**WHAT THE EXERCISE ASKS:** Can you print the data exactly and leave out each image?

[Opening INPUT FOR THIS TASK section]

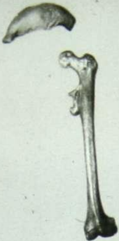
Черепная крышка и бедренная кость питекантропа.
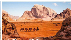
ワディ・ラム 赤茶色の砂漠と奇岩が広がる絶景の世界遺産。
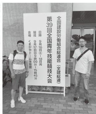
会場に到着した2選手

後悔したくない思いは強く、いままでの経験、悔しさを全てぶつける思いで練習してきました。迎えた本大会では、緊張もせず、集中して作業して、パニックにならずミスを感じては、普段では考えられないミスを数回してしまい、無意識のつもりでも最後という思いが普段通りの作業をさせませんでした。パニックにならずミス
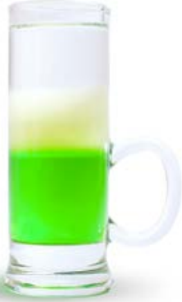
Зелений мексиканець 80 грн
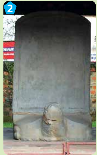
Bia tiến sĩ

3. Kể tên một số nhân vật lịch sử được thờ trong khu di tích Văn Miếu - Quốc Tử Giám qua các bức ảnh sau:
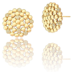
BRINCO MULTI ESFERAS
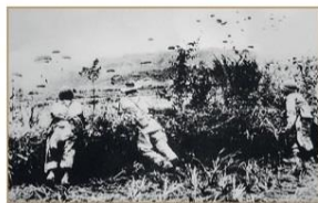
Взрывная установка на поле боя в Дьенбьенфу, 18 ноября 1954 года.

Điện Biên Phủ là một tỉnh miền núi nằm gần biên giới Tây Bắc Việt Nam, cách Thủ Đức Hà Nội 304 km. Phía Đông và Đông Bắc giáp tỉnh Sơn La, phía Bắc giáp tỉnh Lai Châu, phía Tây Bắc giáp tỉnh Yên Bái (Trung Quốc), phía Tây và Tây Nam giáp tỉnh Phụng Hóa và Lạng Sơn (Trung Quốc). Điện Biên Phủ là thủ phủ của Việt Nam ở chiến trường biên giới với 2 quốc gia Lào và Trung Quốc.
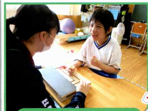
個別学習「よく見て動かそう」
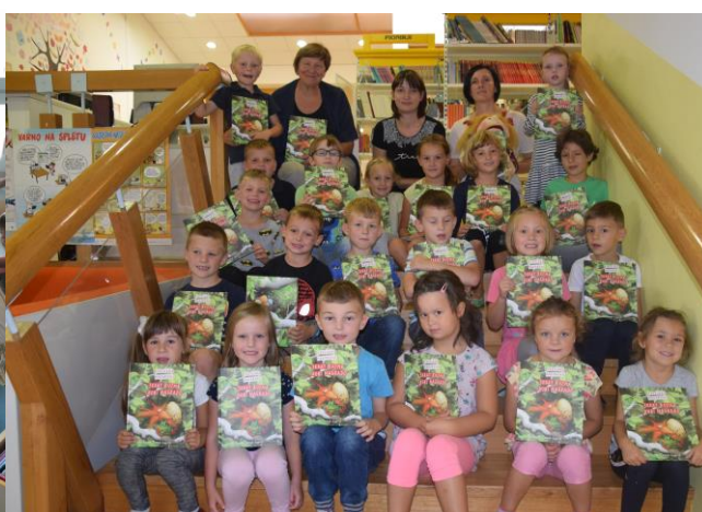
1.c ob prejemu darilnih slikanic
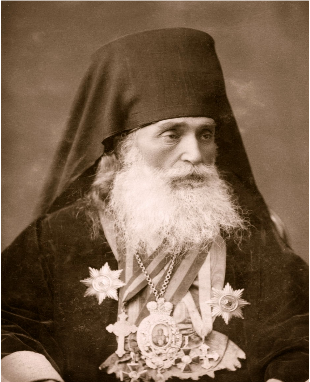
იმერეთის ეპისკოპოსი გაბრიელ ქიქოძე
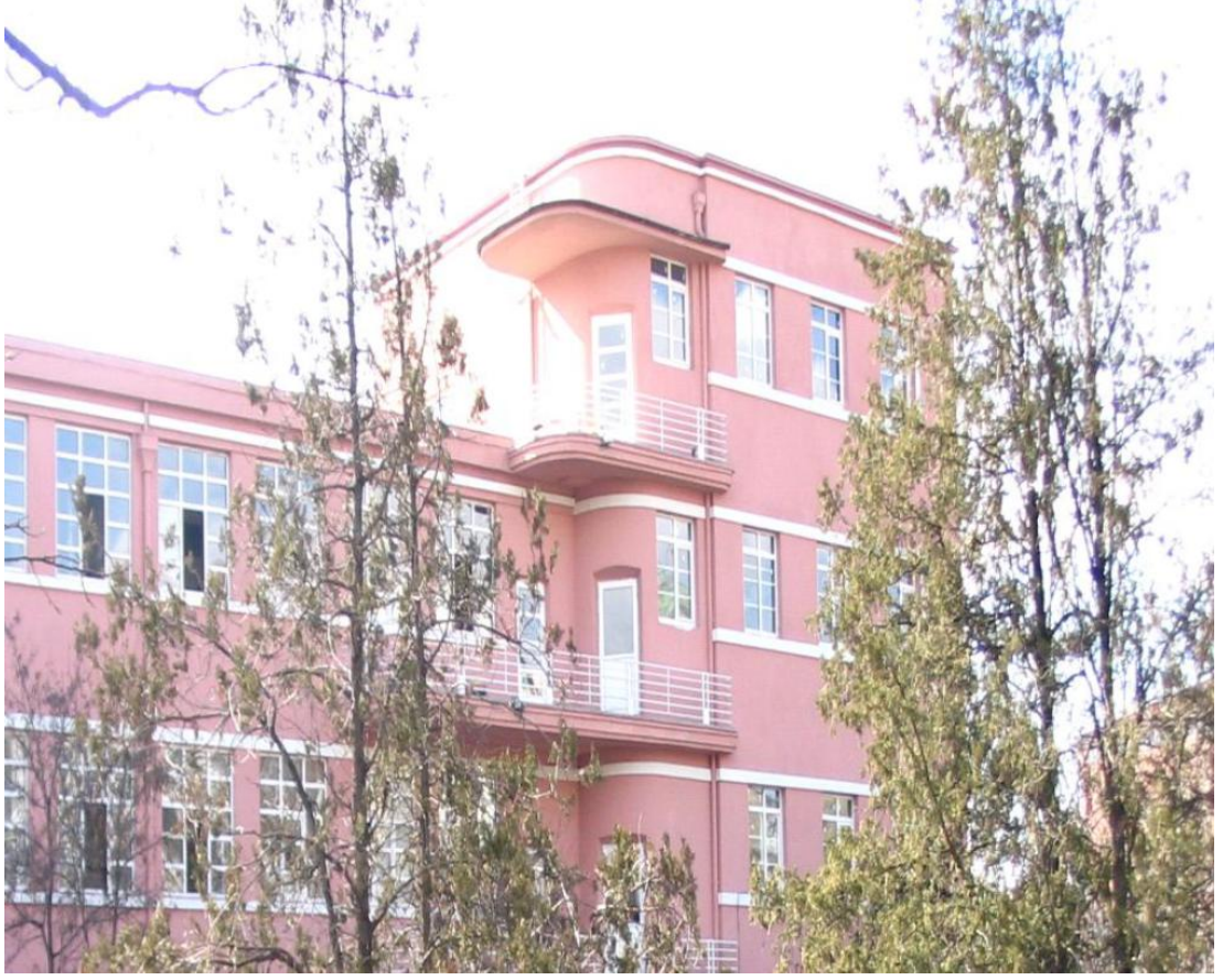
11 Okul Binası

[Closing INPUT FOR THIS TASK section]

**EXERCISE RESPONSE:**
Черепная крышка и бедренная кость питекантропа.
ワディ・ラム 赤茶色の砂漠と奇岩が広がる絶景の世界遺産。
会場に到着した2選手

後悔したくない思いは強く、いままでの経験、悔しさを全てぶつける思いで練習してきました。迎えた本大会では、緊張もせず、集中して作業して、パニックにならずミスを感じては、普段では考えられないミスを数回してしまい、無意識のつもりでも最後という思いが普段通りの作業をさせませんでした。パニックにならずミス
Зелений мексиканець 80 грн
Bia tiến sĩ

3. Kể tên một số nhân vật lịch sử được thờ trong khu di tích Văn Miếu - Quốc Tử Giám qua các bức ảnh sau:
BRINCO MULTI ESFERAS
Взрывная установка на поле боя в Дьенбьенфу, 18 ноября 1954 года.

Điện Biên Phủ là một tỉnh miền núi nằm gần biên giới Tây Bắc Việt Nam, cách Thủ Đức Hà Nội 304 km. Phía Đông và Đông Bắc giáp tỉnh Sơn La, phía Bắc giáp tỉnh Lai Châu, phía Tây Bắc giáp tỉnh Yên Bái (Trung Quốc), phía Tây và Tây Nam giáp tỉnh Phụng Hóa và Lạng Sơn (Trung Quốc). Điện Biên Phủ là thủ phủ của Việt Nam ở chiến trường biên giới với 2 quốc gia Lào và Trung Quốc.
個別学習「よく見て動かそう」
1.c ob prejemu darilnih slikanic
იმერეთის ეპისკოპოსი გაბრიელ ქიქოძე
11 Okul Binası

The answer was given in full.